- TASK GOAL
Further down are entries; set down exactly and only the lines from the one with "Ge dina affischer" up to and including the one with "Luego activa el", dropping each picture.

- DATA UNDER STUDY
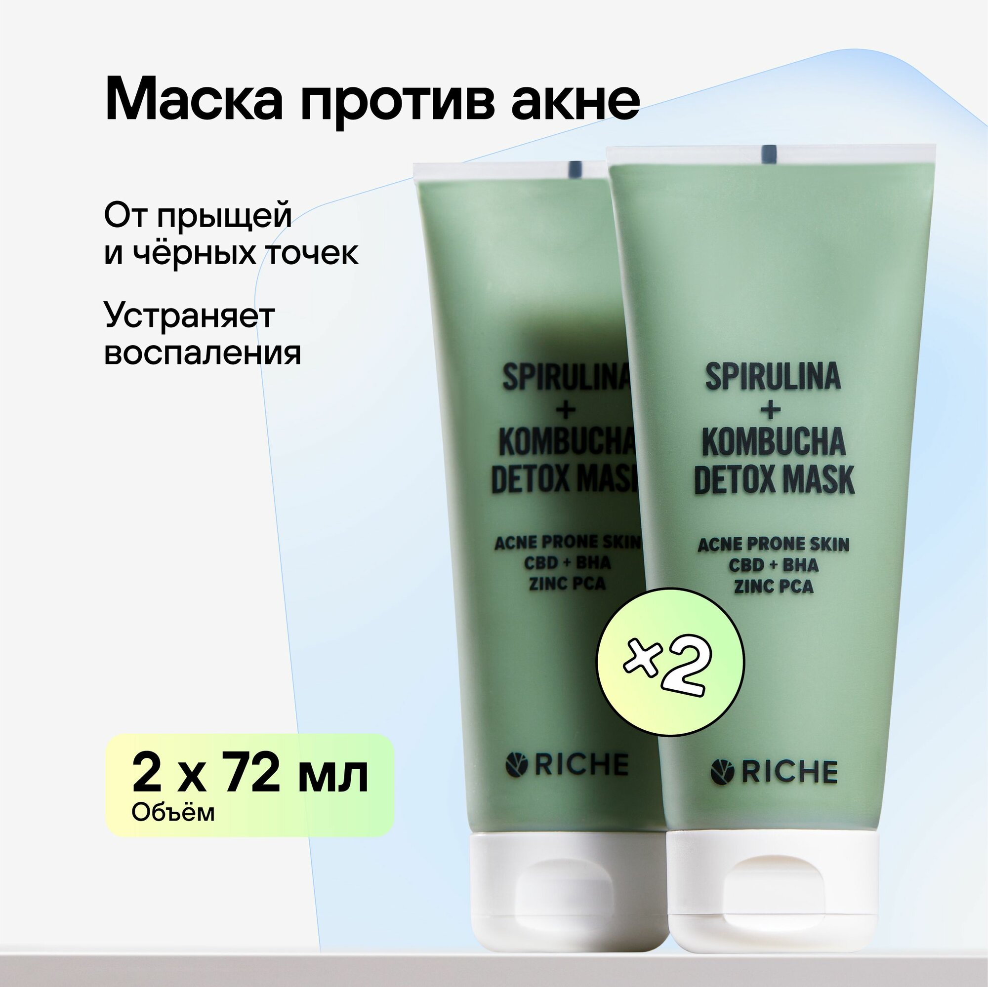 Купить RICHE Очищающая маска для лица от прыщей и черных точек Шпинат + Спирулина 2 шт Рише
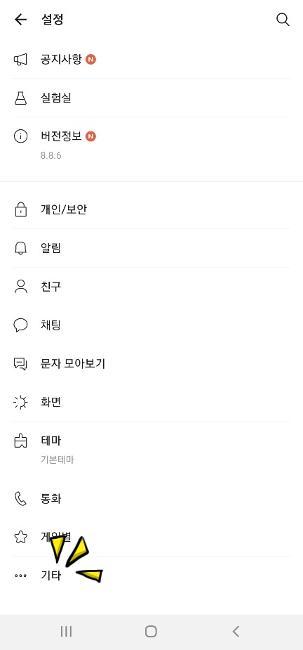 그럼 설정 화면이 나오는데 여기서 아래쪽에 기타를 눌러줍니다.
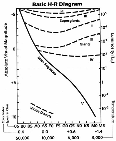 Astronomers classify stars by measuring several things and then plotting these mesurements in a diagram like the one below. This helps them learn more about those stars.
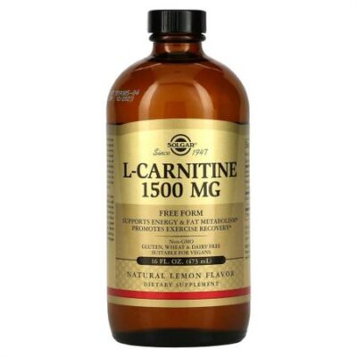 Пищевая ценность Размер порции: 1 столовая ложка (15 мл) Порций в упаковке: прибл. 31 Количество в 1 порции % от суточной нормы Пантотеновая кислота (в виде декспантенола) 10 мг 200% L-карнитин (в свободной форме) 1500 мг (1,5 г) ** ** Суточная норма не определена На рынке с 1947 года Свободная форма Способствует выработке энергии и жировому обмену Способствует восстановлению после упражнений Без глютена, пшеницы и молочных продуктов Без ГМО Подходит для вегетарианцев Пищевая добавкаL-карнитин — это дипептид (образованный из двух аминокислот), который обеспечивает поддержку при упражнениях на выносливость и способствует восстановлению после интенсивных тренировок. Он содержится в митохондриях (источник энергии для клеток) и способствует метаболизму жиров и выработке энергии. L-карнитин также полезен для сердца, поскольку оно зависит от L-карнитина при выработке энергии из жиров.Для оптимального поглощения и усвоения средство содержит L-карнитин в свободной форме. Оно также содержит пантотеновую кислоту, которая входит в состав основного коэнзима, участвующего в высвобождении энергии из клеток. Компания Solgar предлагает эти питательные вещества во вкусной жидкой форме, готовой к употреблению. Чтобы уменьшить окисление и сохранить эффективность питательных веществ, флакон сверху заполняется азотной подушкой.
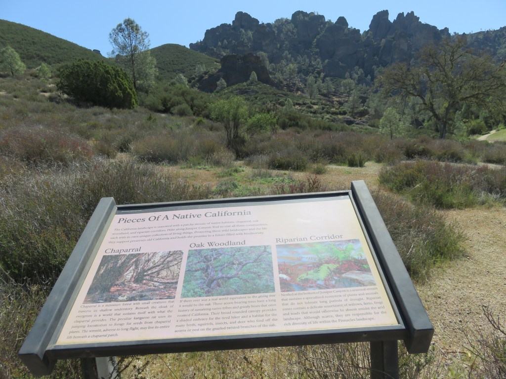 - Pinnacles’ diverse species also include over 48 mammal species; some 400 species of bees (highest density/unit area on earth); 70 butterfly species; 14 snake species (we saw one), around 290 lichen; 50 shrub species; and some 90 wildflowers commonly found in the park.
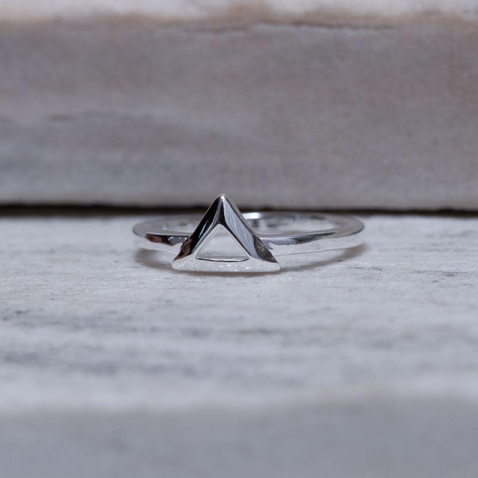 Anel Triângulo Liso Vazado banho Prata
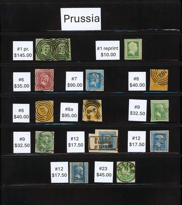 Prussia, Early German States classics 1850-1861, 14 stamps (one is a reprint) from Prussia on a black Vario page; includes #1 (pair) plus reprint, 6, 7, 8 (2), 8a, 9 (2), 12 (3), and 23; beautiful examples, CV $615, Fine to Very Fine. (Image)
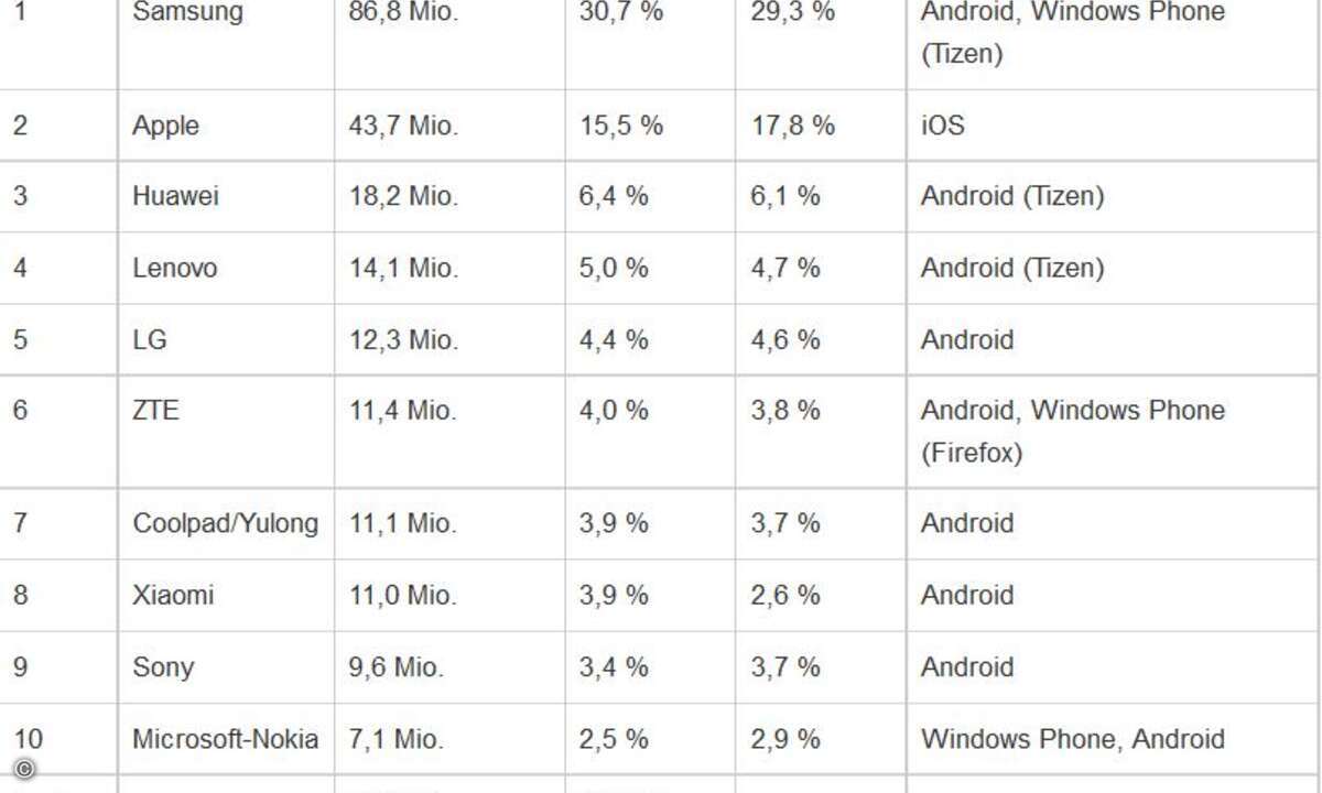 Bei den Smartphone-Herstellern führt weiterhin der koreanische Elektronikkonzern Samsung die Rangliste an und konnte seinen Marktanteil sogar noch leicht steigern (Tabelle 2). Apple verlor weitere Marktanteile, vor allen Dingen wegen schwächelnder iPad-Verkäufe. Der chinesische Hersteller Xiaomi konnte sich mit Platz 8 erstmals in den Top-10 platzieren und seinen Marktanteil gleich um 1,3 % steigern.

==

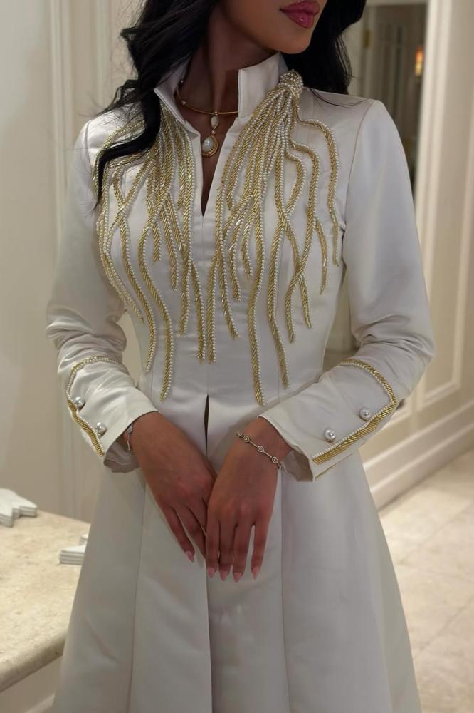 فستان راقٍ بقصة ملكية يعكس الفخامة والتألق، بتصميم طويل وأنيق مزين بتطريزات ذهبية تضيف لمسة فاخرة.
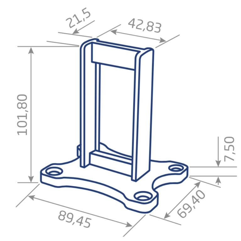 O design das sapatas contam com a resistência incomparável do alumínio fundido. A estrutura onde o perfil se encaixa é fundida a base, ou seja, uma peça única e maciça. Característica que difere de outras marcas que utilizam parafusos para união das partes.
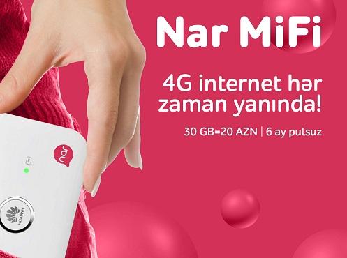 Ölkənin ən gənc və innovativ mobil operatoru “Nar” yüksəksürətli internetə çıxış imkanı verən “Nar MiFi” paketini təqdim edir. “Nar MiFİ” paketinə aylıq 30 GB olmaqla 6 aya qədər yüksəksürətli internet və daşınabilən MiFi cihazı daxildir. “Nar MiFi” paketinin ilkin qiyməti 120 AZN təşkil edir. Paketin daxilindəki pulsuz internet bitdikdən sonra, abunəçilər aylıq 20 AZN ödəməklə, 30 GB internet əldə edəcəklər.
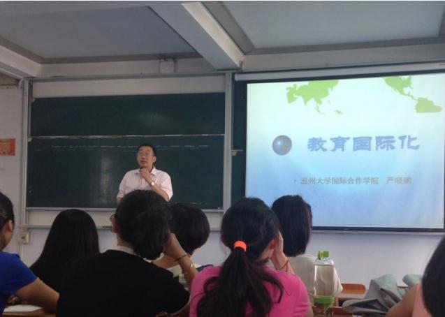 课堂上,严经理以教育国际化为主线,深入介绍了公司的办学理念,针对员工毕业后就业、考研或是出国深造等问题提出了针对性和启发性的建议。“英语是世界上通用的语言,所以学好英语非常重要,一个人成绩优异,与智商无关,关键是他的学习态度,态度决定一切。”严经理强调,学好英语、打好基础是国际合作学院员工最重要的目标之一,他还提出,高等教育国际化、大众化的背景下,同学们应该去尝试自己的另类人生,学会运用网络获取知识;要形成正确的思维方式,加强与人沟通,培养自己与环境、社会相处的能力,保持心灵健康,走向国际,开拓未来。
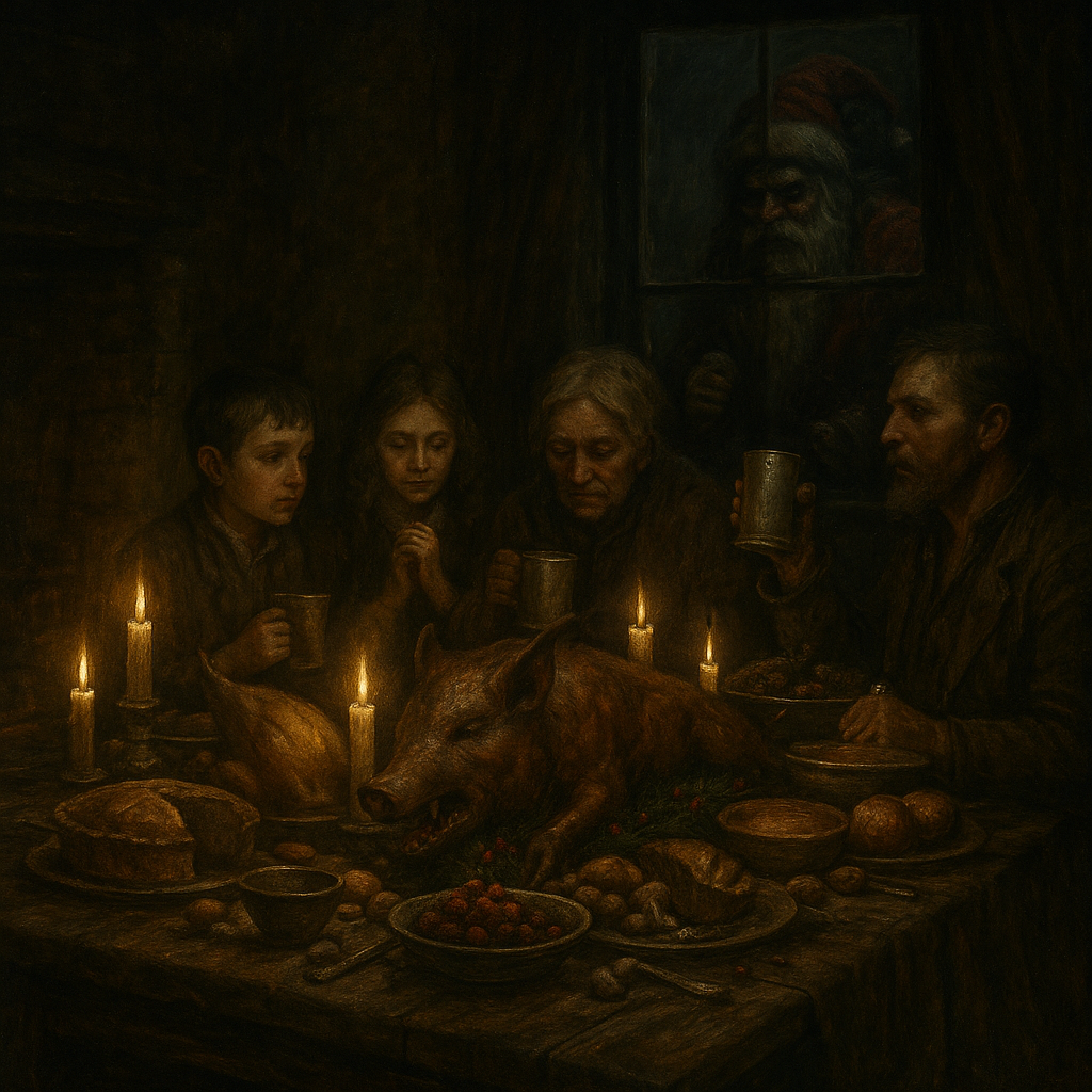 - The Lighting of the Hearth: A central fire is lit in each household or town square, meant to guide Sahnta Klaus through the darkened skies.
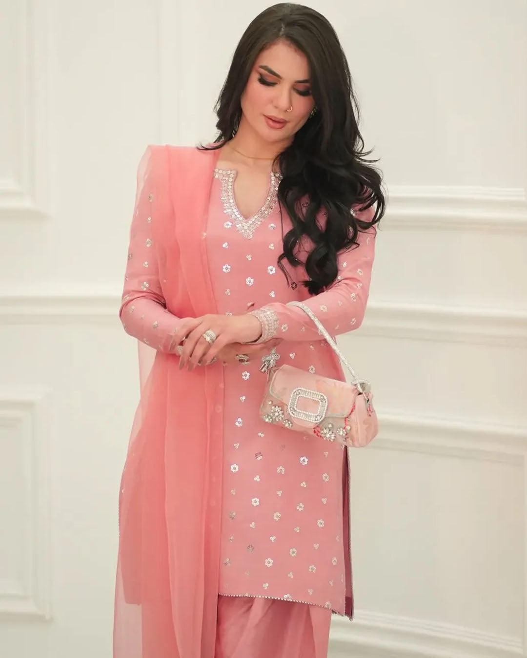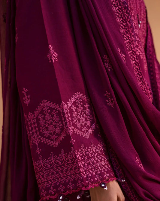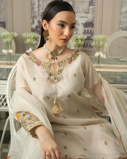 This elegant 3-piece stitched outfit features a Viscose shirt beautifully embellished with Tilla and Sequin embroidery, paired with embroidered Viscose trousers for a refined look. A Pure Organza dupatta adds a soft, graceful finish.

* * *

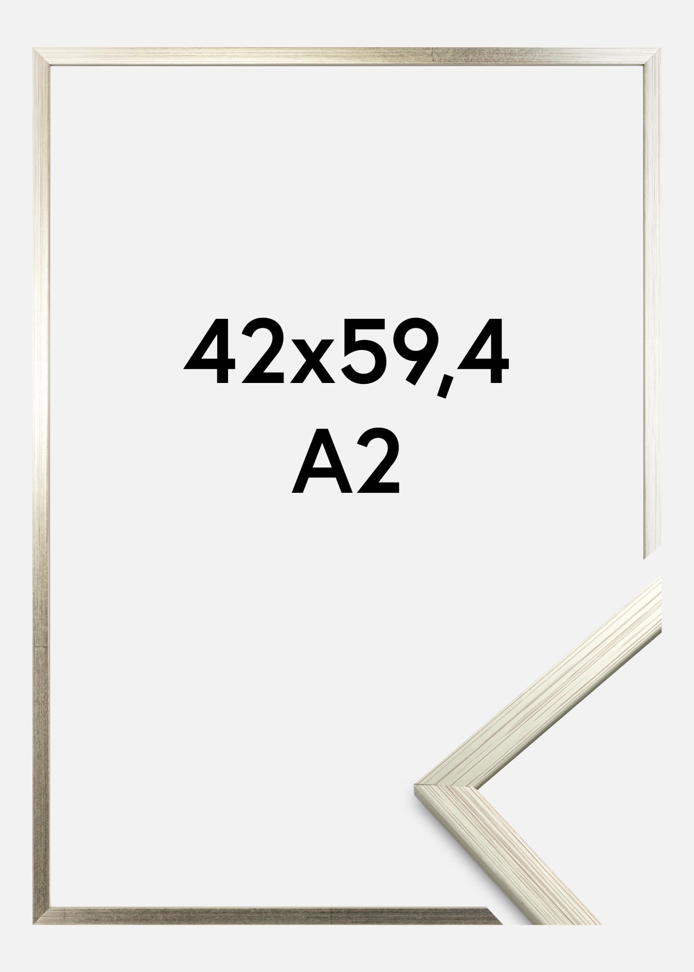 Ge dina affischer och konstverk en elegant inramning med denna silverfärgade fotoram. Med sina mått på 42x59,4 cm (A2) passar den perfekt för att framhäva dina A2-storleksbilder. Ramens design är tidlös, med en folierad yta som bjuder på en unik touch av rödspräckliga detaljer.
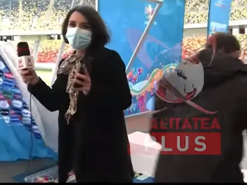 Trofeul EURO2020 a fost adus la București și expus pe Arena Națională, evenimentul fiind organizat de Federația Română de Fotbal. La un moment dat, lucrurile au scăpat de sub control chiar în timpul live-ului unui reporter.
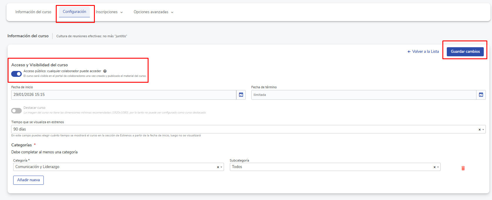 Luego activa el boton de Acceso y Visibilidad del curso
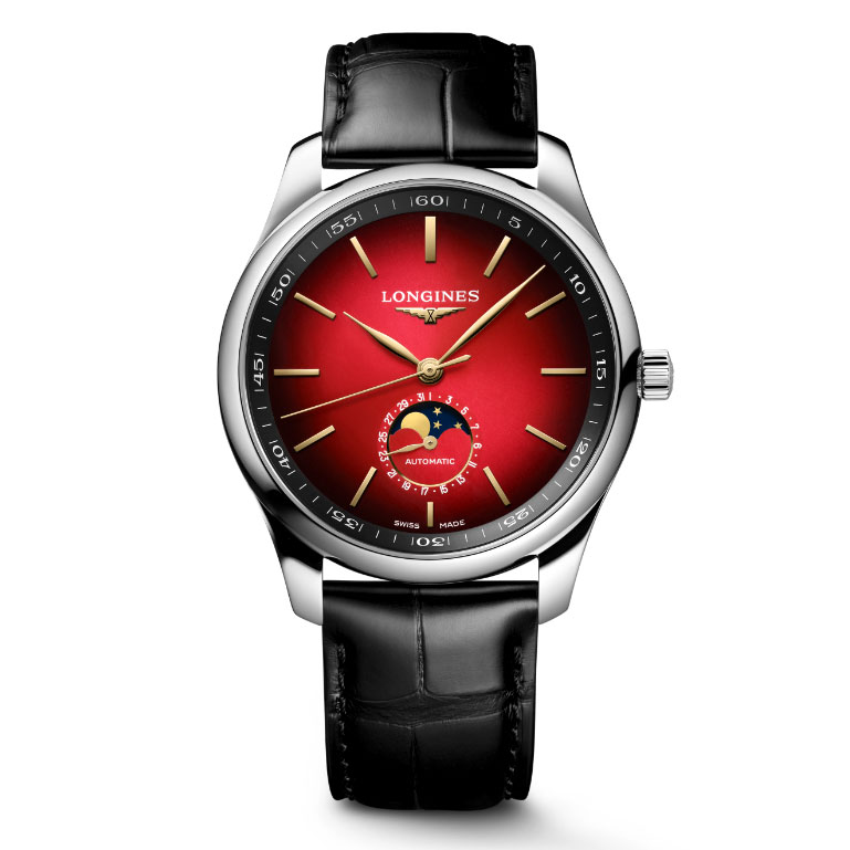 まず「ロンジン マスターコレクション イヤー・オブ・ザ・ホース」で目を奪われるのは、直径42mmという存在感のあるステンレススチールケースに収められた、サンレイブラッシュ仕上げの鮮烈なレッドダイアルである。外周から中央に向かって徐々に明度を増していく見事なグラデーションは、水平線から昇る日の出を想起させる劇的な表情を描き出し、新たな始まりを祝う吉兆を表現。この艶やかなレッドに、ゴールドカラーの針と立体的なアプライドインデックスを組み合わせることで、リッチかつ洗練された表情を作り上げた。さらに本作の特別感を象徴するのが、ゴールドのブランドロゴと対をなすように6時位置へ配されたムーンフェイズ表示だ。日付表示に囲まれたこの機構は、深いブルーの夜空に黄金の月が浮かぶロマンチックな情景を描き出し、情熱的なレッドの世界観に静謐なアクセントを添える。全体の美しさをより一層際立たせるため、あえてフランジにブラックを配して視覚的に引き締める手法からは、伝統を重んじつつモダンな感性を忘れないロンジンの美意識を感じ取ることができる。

- TASK SOLUTION
 Ge dina affischer och konstverk en elegant inramning med denna silverfärgade fotoram. Med sina mått på 42x59,4 cm (A2) passar den perfekt för att framhäva dina A2-storleksbilder. Ramens design är tidlös, med en folierad yta som bjuder på en unik touch av rödspräckliga detaljer.
 Trofeul EURO2020 a fost adus la București și expus pe Arena Națională, evenimentul fiind organizat de Federația Română de Fotbal. La un moment dat, lucrurile au scăpat de sub control chiar în timpul live-ului unui reporter.
 Luego activa el boton de Acceso y Visibilidad del curso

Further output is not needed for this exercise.